现在的问题是,我在dosqoop函数中移动了一些代码,它无法创建日志所需的/tmp文件夹。
我不明白怎么了。下面是代码,后面是错误。请考虑查询参数非常长并且包含空格
脚本
# !/bin/bash
# Script to download lot of tables in parallel with Sqoop and write them to Hive
confFile=$1
listOfTables=$2
# Source configuration values
. "$confFile"
# TODO: delete sqoop tmp directory after jobs ends #
doSqoop() {
local origSchema="$1"
local origTable="$2"
local hiveSchema="$3"
local hiveTable="$4"
local splitColumn="$5"
local sqoopParallels="$6"
local query="$7"
local logFileSummary="$databaseBaseDir"/"$hiveTable"-summary.log
local logFileRaw="$databaseBaseDir/"$hiveTable"-raw.log
databaseBaseDir="$baseDir"/"$origSchema"-"$hiveSchema"
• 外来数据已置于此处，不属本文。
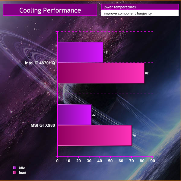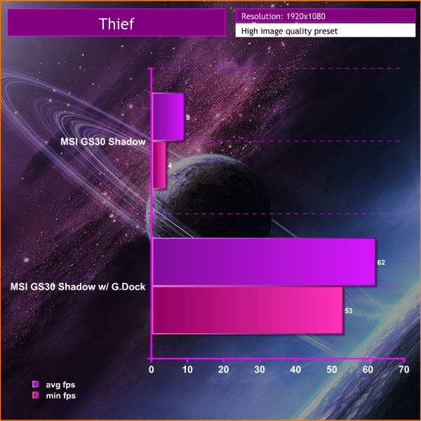 Let's not beat about the bush. If you play games with the bare GS30 Shadow you are unlikely to see frame rates above 20fps. On the other hand, once you engage the GTX 980 you'll be able to play any game you like at Full HD with frame rates over 60fps. Core i7 and GTX 980 is a killer combination.

[ -d "$databaseBaseDir" ] || mkdir -p "$databaseBaseDir"
if [[ $? -ne 0 ]]; then
echo -e "Unable to complete the process. \n
Cannot create logs folder $databaseBaseDir"
exit 1
fi
echo "#### [$(date +%Y-%m-%dT%T)] Creating Hive table $hiveSchema.$hiveTable from source table $origSchema.$origTable ####" | tee -a "$logFileSummary" "$logFileRaw"
echo -e "\n\n"
quote="'"
sqoop import -Dmapred.job.queuename="$yarnQueue" -Dmapred.job.name="$jobName" \
--connect "$origServer" \
--username SQOOP --password-file file:///"$passwordFile" \
--delete-target-dir \
--target-dir "$targetTmpHdfsDir"/"$hiveTable" \
--outdir "$dirJavaCode" \
--hive-import \
--hive-database "$hiveSchema" \
--hive-table "$hiveTable" \
--hive-partition-key "$hivePartitionName" --hive-partition-value "$hivePartitionValue" \
--query "$quote $query where \$CONDITIONS $quote" \
--null-string '' --null-non-string '' \
--num-mappers 1 \
--fetch-size 2000000 \
--as-textfile \
-z --compression-codec org.apache.hadoop.io.compress.SnappyCodec |& tee -a "$logFileRaw"
sqoopRc=$?
if [[ $sqoopRc -ne 0 ]]; then
echo "[$(date +%Y-%m-%dT%T)] Error importing $hiveSchema.$hiveTable !" | tee -a "$logFileSummary" "$logFileRaw"
echo "$hiveSchema.$hiveTable" >> $databaseBaseDir/failed_imports.txt
fi
echo "Tail of : $logFileRaw" >> "$logFileSummary"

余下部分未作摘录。